173 pages, double side.

Abstract.

This dissertation studies applying reinforcement learning algorithms
to discover good domain-specific heuristics automatically for job-shop
scheduling. It focuses on the NASA space shuttle payload processing
problem. The problem involves scheduling a set of tasks to satisfy a
set of temporal and resource constraints while also seeking to
minimize the total length (makespan) of the schedule.

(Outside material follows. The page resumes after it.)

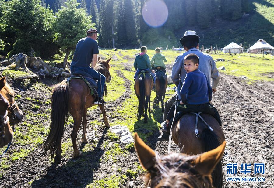 在新疆特克斯縣境內(nèi)的夏牧場里,小朋友跟隨家人一起放牧(6月30日攝)。新華社記者王菲攝

The approach described in the dissertation employs a repair-based
scheduling problem space that starts with a critical-path schedule and
incrementally repairs constraint violations with the goal of finding a
short conflict-free schedule. The temporal difference (TD) learning
algorithm $TD(\lambda)$ is applied to train a neural network to learn
a heuristic evaluation function for choosing repair actions over
schedules. This learned evaluation function is used by a one-step
lookahead search procedure to find solutions to new scheduling
problems.

Several important issues that affect the success and the efficiency of
learning have been identified and deeply studied. These issues
include schedule representation, network architectures, and learning
strategies. A number of modifications to the $TD(\lambda)$ algorithm
are developed to improve learning performance. Learning is
investigated based on both hand-engineered features and raw features.
For learning from raw features, a time-delay neural network
architecture is developed to extract features from irregular-length
schedules. The learning approach is evaluated on synthetic problems
and on problems from a NASA space shuttle payload processing task. The
evaluation function is learned on small problems and then applied to
solve larger problems. Both learning-based schedulers (using
hand-engineered features and raw features respectively) perform better
than the best existing algorithm for this task---Zweben's iterative
repair method.

It is important to understand why TD learning works in this
application. Several performance measures are employed to investigate
learning behavior. We verified that TD learning works properly in
capturing the evaluation function. It is concluded that TD learning
along with a set of good features and a proper neural network is the
key to this success. The success shows that reinforcement learning
methods have the potential for quickly finding high-quality solutions
to other combinatorial optimization problems.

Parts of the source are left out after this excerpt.